Le message publié sur les réseaux sociaux est accompagné d’une photo non datée d’Alexeï Navalny, le crâne rasé, le regard perdu dans le vide : une photo prémonitoire du sort réservé à l’opposant le plus célèbre de Russie.
Dans le message, Alexeï Navalny confirme qu’il se trouve dans la colonie pénitentiaire IK-2 située dans la région de Vladimir. « Le système carcéral russe continue de me surprendre, ironise Alexeï Navalny, je ne pensais pas qu’on pouvait construire un camp de concentration à 100 kilomètres de Moscou. »
L’opposant décrit un univers carcéral très dur, sans violence physique, mais avec une pression de tous les instants : « Il y a des caméras partout, écrit-il, et le moindre écart donne lieu à un rapport. »
Dans ce premier message envoyé par le biais de ses avocats, Alexeï Navalny se veut cependant le plus rassurant possible. « La nuit, on me réveille toutes les heures pour me prendre en photo, écrit-il. Je me rendors en pensant qu’il y a des gens qui ne m’oublient pas et je trouve ça formidable », conclut l’opposant sur un ton qui se veut ironique.
À Moscou, notre correspondant Daniel Vallot a recueilli le témoignage d’un ancien détenu, qui lui a décrit « l’enfer carcéral » où Alexeï Navalny se retrouve plongé à son tour.
Une clôture de tôle surmontée de barbelés entoure les baraquements où sont logés les détenus. La colonie IK-2 est située à la périphérie de Pokrov, à une centaine de kilomètres au nord-est de Moscou. Condamné à plusieurs années de prison pour avoir participé à des manifestations non autorisées, Konstantin Kotov en est sorti il y a quelques mois seulement. « Les conditions y sont très dures. 60 personnes dans la même baraque, et seulement 2 mètres carrés pour toi, avec juste la place pour ton lit. Mais le plus difficile c’est l’isolement. Ils demandent aux autres détenus de ne pas te parler. Ils t’enferment dans le silence. »
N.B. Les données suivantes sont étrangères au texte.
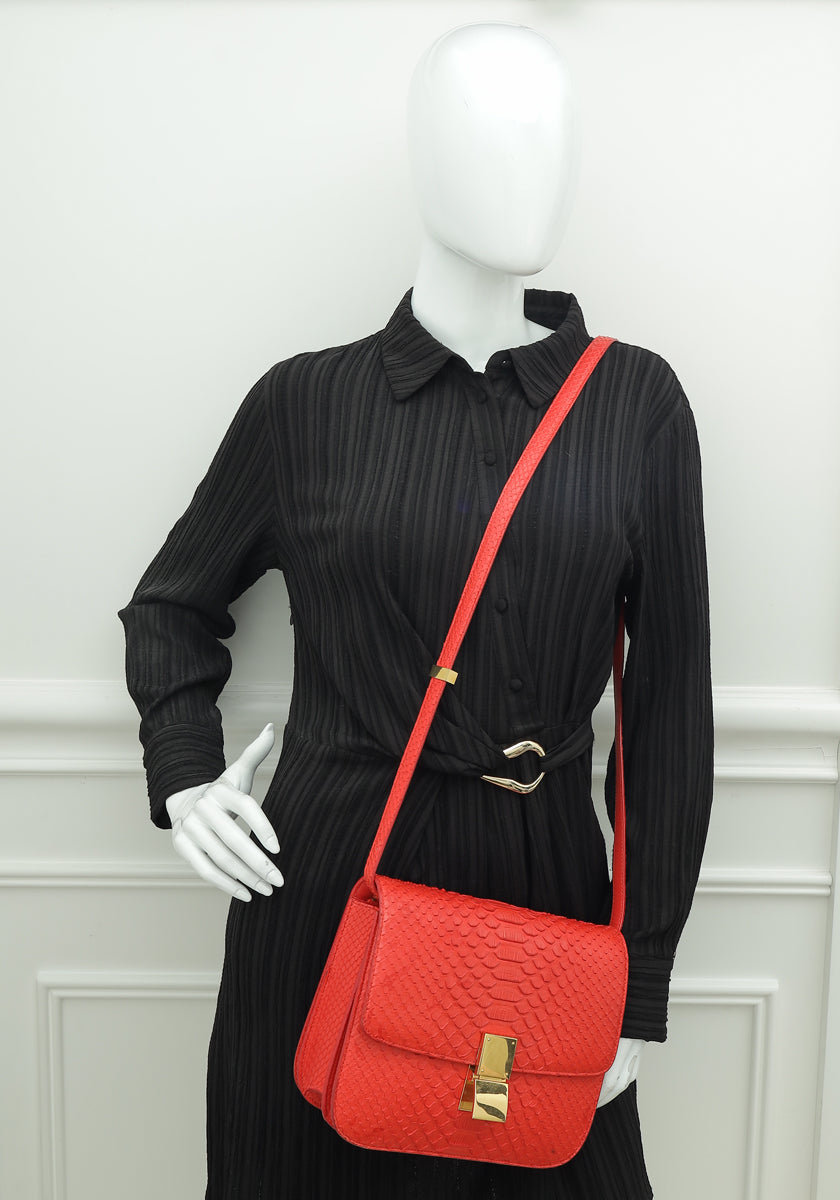 Celine Red Classic Box Python Medium Bag

Konstantin Kotov n’a pas subi de violences physique durant sa détention. Mais une pression psychologique particulièrement intense. Une surveillance de tous les instants, des humiliations incessantes, et un isolement qui peut conduire à la folie, selon l’avocat Pyotr Kuryanov, de la Fondation russe pour la défense des détenus : « J’espérais qu’ils mettraient Navalny dans une colonie « normale », si l’on peut dire. Mais là où il se trouve c’est l’enfer… Là-bas l’objectifs c’est de « casser » le détenu. De casser sa personnalité, pour qu’il renonce à toutes ses activités une fois libéré… »
Konstantin Kotov, lui, recommence peu à peu à militer, mais il se dit profondément marqué par ce qu’il a vécu : « Je pense que cela va rester longtemps avec moi. Je fais des efforts, mais j’ai encore de l’angoisse, de la peur… Je ne peux pas m’empêcher de penser que je peux me retrouver de nouveau là-bas. »
Mais Konstantin Kotov espère qu’Alexeï Navalny ne sortira pas brisé de sa détention. « En revenant en Russie il a déjà montré que c’était un homme très courageux… Suffisamment, nous-dit-il, pour affronter cette nouvelle épreuve ».